Crux Mathematicorum
- Discipline: Mathematics
- Language: English
- Edited by: Kseniya Garaschuk

Publication details
- Former name(s): Eureka
- History: 1975–present
- Publisher: Canadian Mathematical Society (Canada)

Standard abbreviations
- ISO 4: Crux Math.

Indexing
- ISSN: 1706-8142 (print) 1496-4309 (web)

Links
- Journal homepage;

= Crux Mathematicorum =

Crux Mathematicorum is a scientific journal of mathematics published by the Canadian Mathematical Society. It contains mathematical problems for secondary school and undergraduate students. Its editor-in-chief is Kseniya Garaschuk.

The journal was established in 1975, under the name Eureka, by the Carleton-Ottawa Mathematics Association, with Léo Sauvé as its first editor-in-chief. It took the name Crux Mathematicorum with its fourth volume, in 1978, to avoid confusion with another journal Eureka published by the Cambridge University Mathematical Society. The Canadian Mathematical Society took over the journal in 1985, and soon afterwards G.W. (Bill) Sands became its new editor. Bruce L. R. Shawyer took over as editor in 1996. In 1997 it merged with another journal founded in 1988, Mathematical Mayhem, to become Crux Mathematicorum with Mathematical Mayhem. Jim Totten became editor in 2003, and Václav (Vazz) Linek replaced him in 2008.
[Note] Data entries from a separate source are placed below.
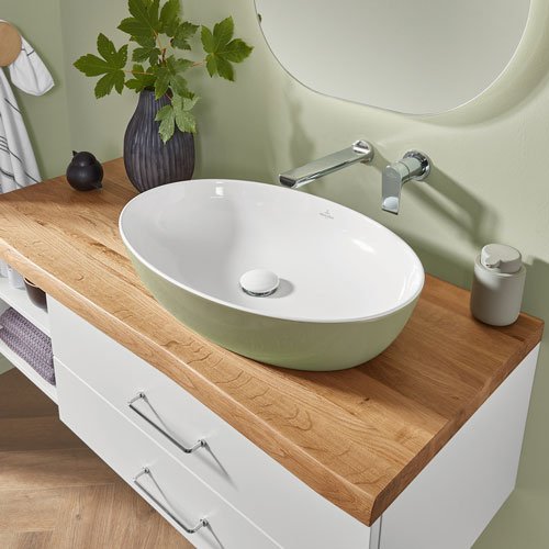 Die 2morrow Massivholz-Platte aus solider Eiche-Hell bringt ein Stück einzigartige Natur ins Bad und ist für den täglichen Einsatz optimal vorbereitet. Dank ihres Lack-Finishs gut geschützt vor Schmutz, Kratzern und Feuchtigkeit ist sie ein dauerhaftes Highlight. Zusammen mit dem unifarbenen Badmöbel und dem Lichtspiegel Reflection LUNA mit seinen weichen Rundungen und der indirekten Beleuchtung entfaltet sich ihr unverwechselbarer Charme.
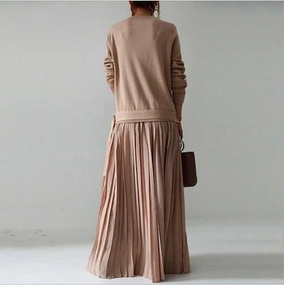 秋冬 新作 長袖 プリーツワンピース 着痩せ 体型カバー ニット ワンピース レイヤード風 Aライン ロングワンピース 重ね風 ロング丈 レディース シンプル 切り替
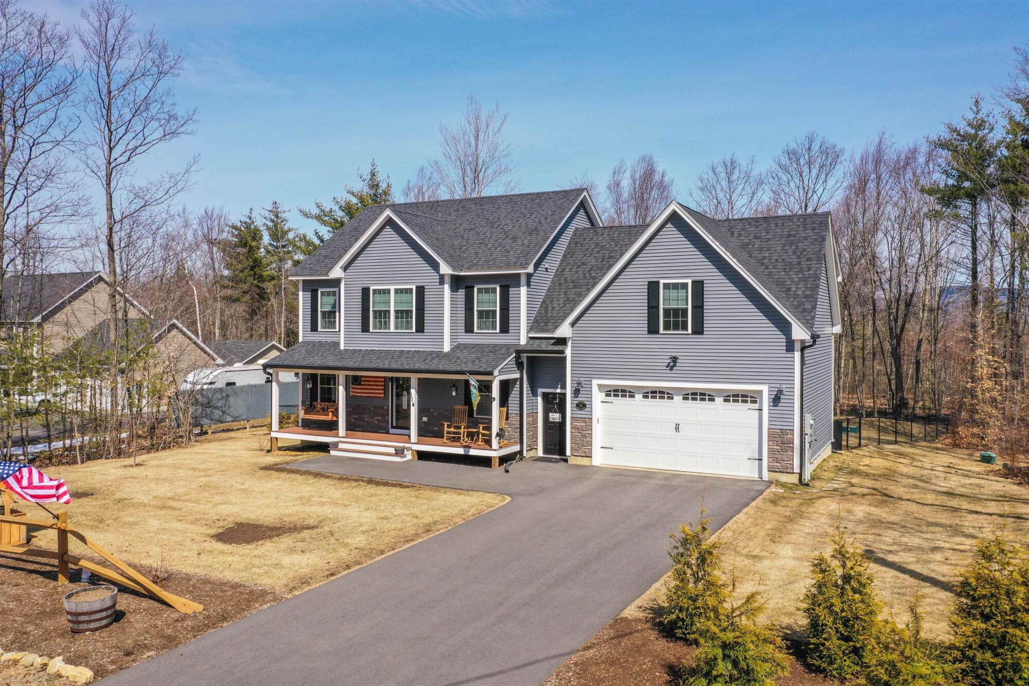 Lakes Region Living in Beautiful Belmont NH! This 3 year young custom colonial style home situated on an acre of land and surrounded by an outdoor enthusiasts dream! Close to area lakes, mountains and trail systems, there is something for everyone around this fine community. With 3-4 bedrooms, 3 baths and over 2200 sq ft of living space, there is plenty of room to spread out and relax! Features include: fenced yard, full front farmers porch, 2 car heated attached garage with HUGE bonus room above ideal for many uses, designer kitchen with granite and upgraded appliance package, OPEN CONCEPT living room / kitchen ideal for the entertainer in you, mudroom area off garage and fireplace for those chilly New England winter nights. As you head up to the second floor you will enjoy 3-4 bedrooms with a master suite with custom bathroom and the very convenient 2nd floor laundry! You also get rear deck for entertaining, hot tub feature w/ privacy fence, whole-house generator w/ surge protection, gutter system around house, hardwood, tile, central A/C, multi-zone heating / cooling w/ wifi capabilities, on-demand hot water system, heated walk-out lowerlevel for future expansion & ALL wall-mounted TV’s to stay! Why wait for New when almost New with an already mature lawn and yard is waiting for you! ENJOY!
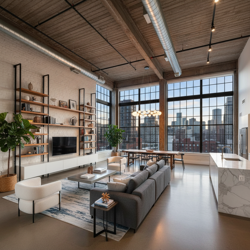 This design celebrates industrial architecture with a modern twist. A cool, sophisticated palette of grays, blacks, and whites, with pops of vibrant color. Exposed brick, large windows, and polished concrete floors are characteristic. Furniture is contemporary, often modular, and made from metal and leather. The mood is sleek, dynamic, and effortlessly cool, ideal for city living.
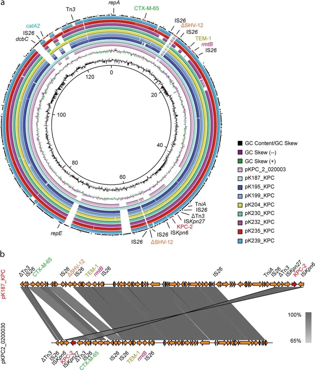 碳青霉烯类抗生素是临床上抵御多重耐药菌感染的常用药物。碳青霉烯耐药的肺炎克雷伯氏菌(CRKP)的凸现与流行,给细菌感染的临床以及公共卫生构成了严重威胁。近年来,高毒力CRKP的ST11克隆在院内感染中被检出。鉴于其同时具备高毒力和耐药性这两种特性,因此引起了较大关注和学术讨论。为进一步探明该ST11克隆在临床上的定植与分布情况,浙医二院的综合ICU双聘教授冯友军课题组与综合ICU黄曼主任研究团队联合攻关,开展了较为系统的比较功能基因组学的研究。该研究采集和分析了23例来自两家不同公立三甲医院的患者标本(浙医二院和丽水市人民医院),对标本菌株的耐药性和毒力进行了系统筛查,探究了耐药质粒与和毒力质粒在ST11克隆群共存的特征 (图1)。
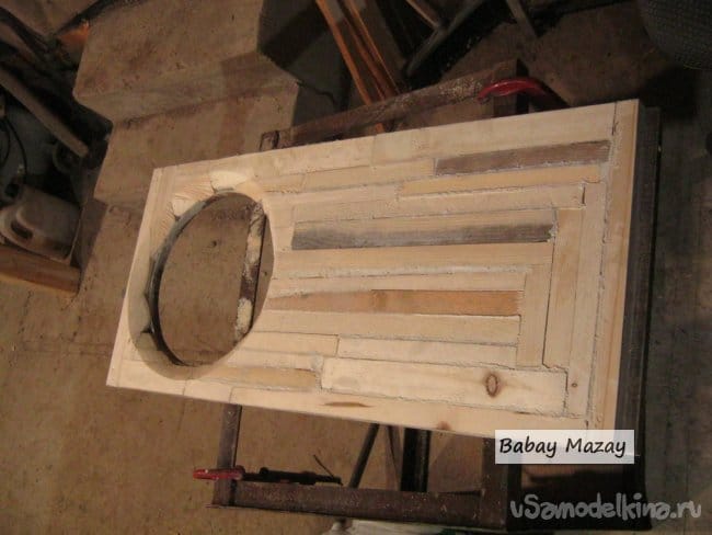 Подготовил переднюю стенку для установки динамика (установка снаружи) – устранил тоннель образованный дополнительным, наклеенным слоем – разделал его края рашпилем ~под 45̊̊ (Фото 9). Теперь, при установке динамика окна его корзины остаются полностью открытыми, их сечение не уменьшается.
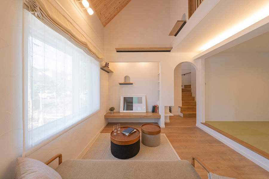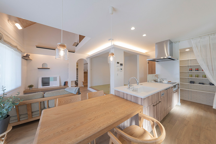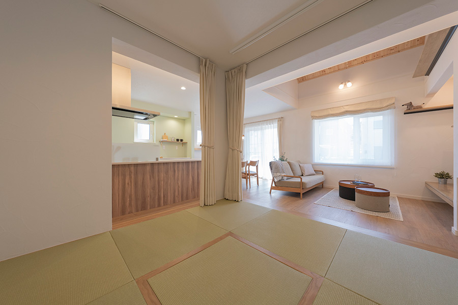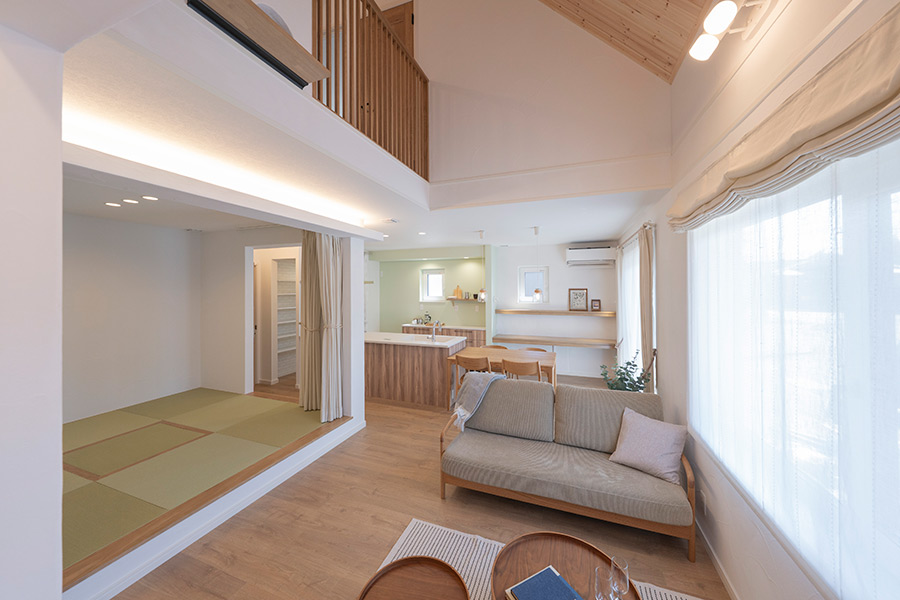 急勾配の大屋根の外観からは想像できないLDK+畳コーナーに、吹抜けを絡めた開放的な空間が内部に広がっています。
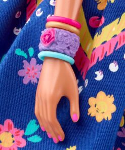 Barbie wears a beautiful, traditional ruffled dress adorned with intricate, vibrant details.
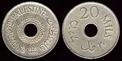 20 милей | 30,5 | 11,33 | Аверс: текст по кругу «Палестина» на арабском, английском и иврите; венок из листьев оливкового дерева, год выпуска в современном начертании и традиционными арабскими цифрами. Реверс: цифра «20»; текст по кругу «Миль» на иврите, арабском и английском языках. |
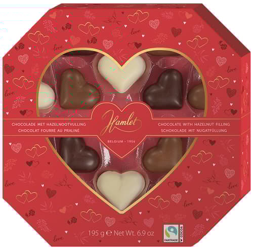 Srdíčka Hamlet Hearts jsou pralinky v hořké, mléčné a bílé čokoládě s jemnou lískooříškovou náplní.
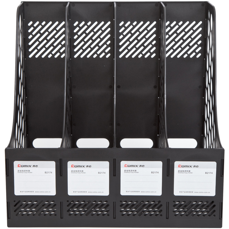 • 齐心(Comix)B2174 牢固耐用四联文件架 办公用品文件框文件筐资料架文件收纳栏 黑色
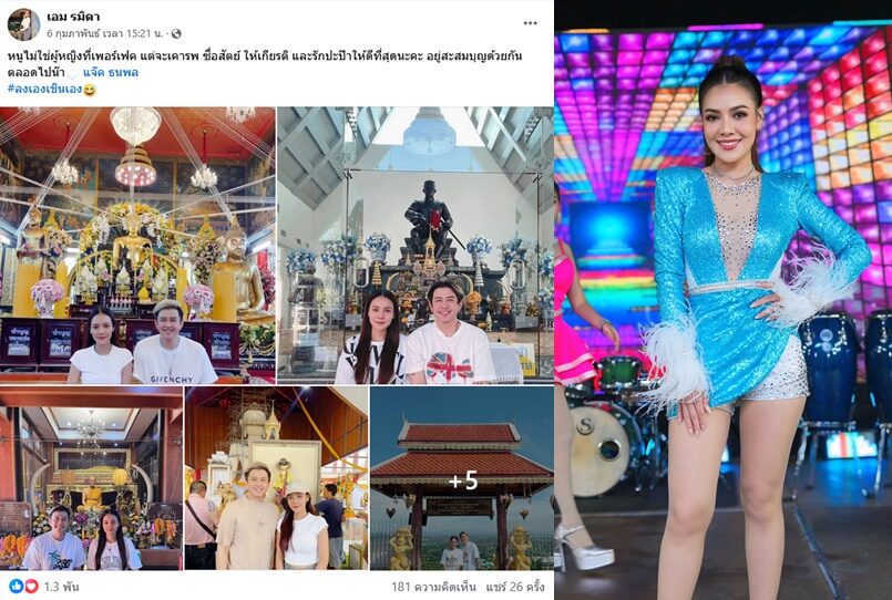 ขณะที่ เมื่อไม่กี่วัน เอม รมิดา ลูกทุ่งสาว ก็โพสต์ภาพไปทำบุญไหว้พระกับ แจ๊ค ในที่ต่างๆ หลายแห่ง พร้อมข้อความด้วยว่า

Ross Honsberger writes that "for interesting elementary problems, this publication is in a class by itself". The journal is also known for reviving interest in Japanese temple geometry problems by publishing a series of them beginning in 1984. The website IMOmath.com has made available problems involving inequalities from its first four volumes and calls the publication "the best problem solving journal all over the world". Since January 2019, Crux Mathematicorum became a free online publication thanks to the support of the Intact Foundation.